Abstract

Belief propagation is a remarkably effective tool for inference in graphical models, even when applied to networks with cycles. A variational perspective shows that it may be viewed as a way to seek the minimum of the Bethe free energy, though it may converge only to a local optimum or may not converge at all.

We shall cover a brief introduction to these ideas, then go on to describe a recent algorithm we developed for any binary pairwise model which, to our knowledge, is the first to guarantee to return an epsilon-approximation to the global minimum of the Bethe free energy. The approach involves discretizing to yield a discrete optimization problem, which may be viewed as multi-label MAP inference. If the initial model is fully attractive, this yields a fully polynomial-time approximation scheme (FPTAS).

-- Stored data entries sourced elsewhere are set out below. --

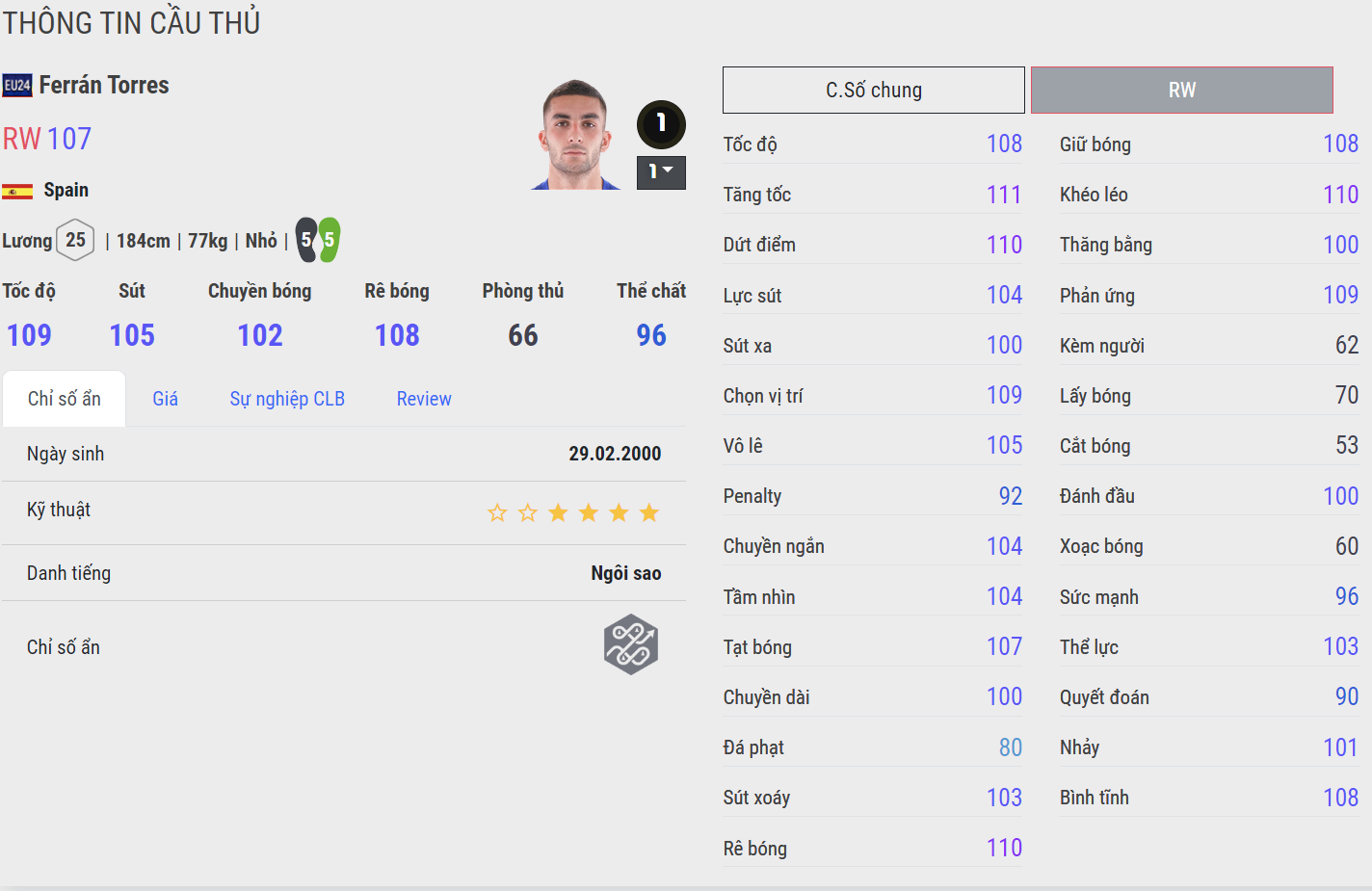 Việc nâng cấp lên 2 chân 5 sao đã khiến Ferran Torres giành được nhiều sự quan tâm hơn với xu hướng chọn cầu thủ đa năng như hiện nay, việc nâng cấp chân sẽ tạo nên những sự khác biệt rõ rệt. Sở hữu 2 team color nổi bật là TBN, Barca và Man City, Torres là cái tên tiềm năng trong thời gian tới.
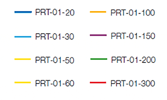 PRT-01-20: M4, mín. de 6 parafusos PRT-01-30: M4, mín. de 8 parafusos PRT-01-60: M5, mín. de 10 parafusos PRT-01-100: M5, mín. de 12 parafusos PRT-01-200: M6, mín. de 12 parafusos
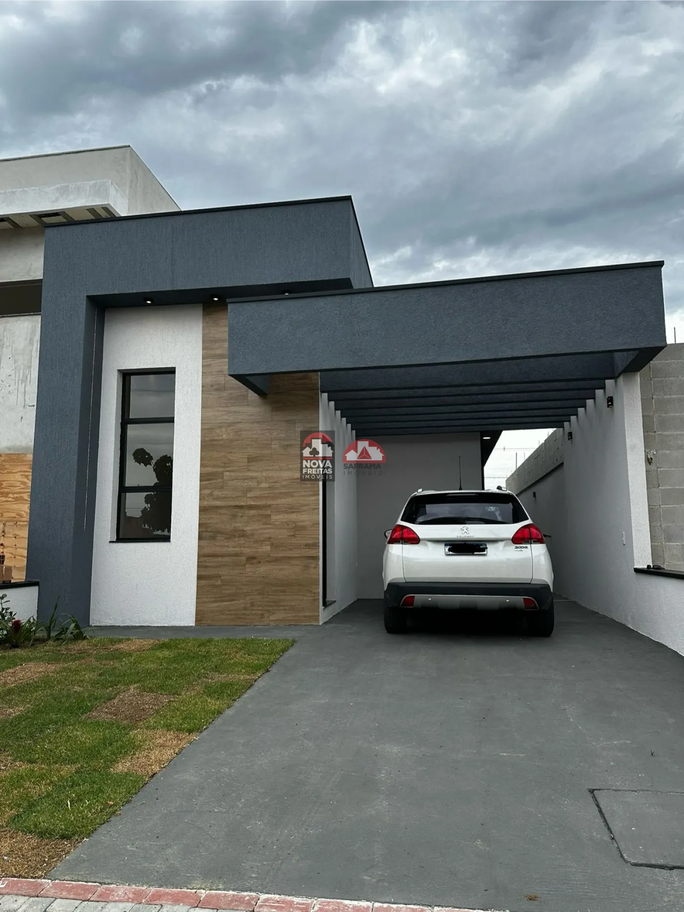 Quintal espaçoso e garagem coberta com pergolado.
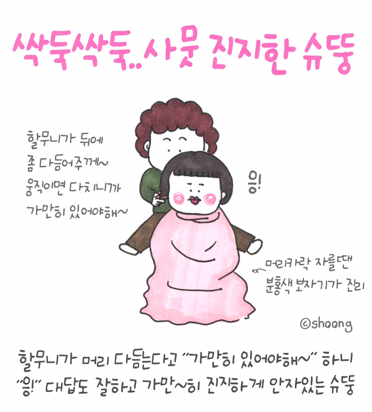 할무니가 슈뚱 뒷머리 다듬어준다고
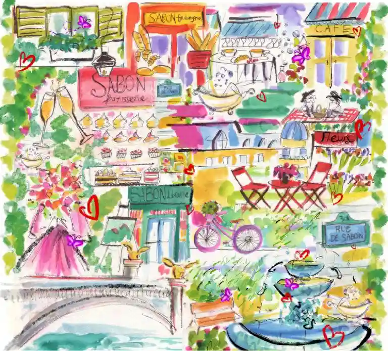 通过艺术家TaliaZoref的画作,向粉丝们展现栩栩如生的巴黎:被绿荫笼罩的名为SABON的街道、盛满鲜花的喷泉、香气四溢的SABON甜品店,又或是新鲜热闹的SABON面包房,温馨安静的SABON图书馆…一切都如此欢乐与自在,静候你的光临。
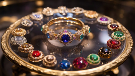 A stunning arrangement of exquisite jewelry pieces featuring colorful gems and rings displayed on a decorative tray. Perfect for luxury, fashion, or jewelry themes.
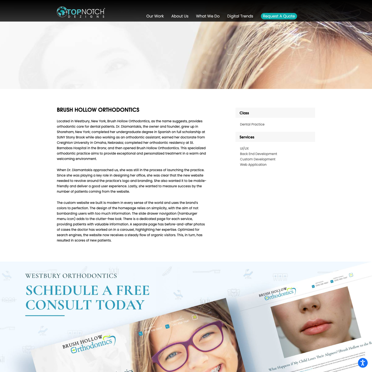 Brush Hollow Orthodontics launched a modern, mobile-friendly website to enhance patient engagement and drive traffic. Designed with the brand’s colors and simplicity in mind, the site features a streamlined layout, a slide drawer navigation, and dedicated pages for each service. Before-and-after photo carousel highlights the practice’s expertise, while optimized for search engines ensures steady organic traffic. The website’s success is reflected in a surge in new patients, demonstrating its effectiveness in boosting visibility and patient acquisition.

If time, we can also discuss work that further explores the Bethe approximation and tries to tease apart the two ways it differs from exact inference: (i) the true entropy is approximated by the Bethe (pairwise) entropy, and (ii) the minimization is performed over a relaxation of the marginal polytope (which enforces a globally consistent probability distribution) termed the local polytope (which enforces only pairwise consistency).

This is joint work with Tony Jebara at Columbia University.

Related papers: A. Weller and T. Jebara, “Approximating the Bethe Partition Function” . Uncertainty in Artificial Intelligence (UAI), 2014. A. Weller, K. Tang, D. Sontag and T. Jebara, “Understanding the Bethe Approximation: When and How can it go Wrong?” . Uncertainty in Artificial Intelligence (UAI), 2014.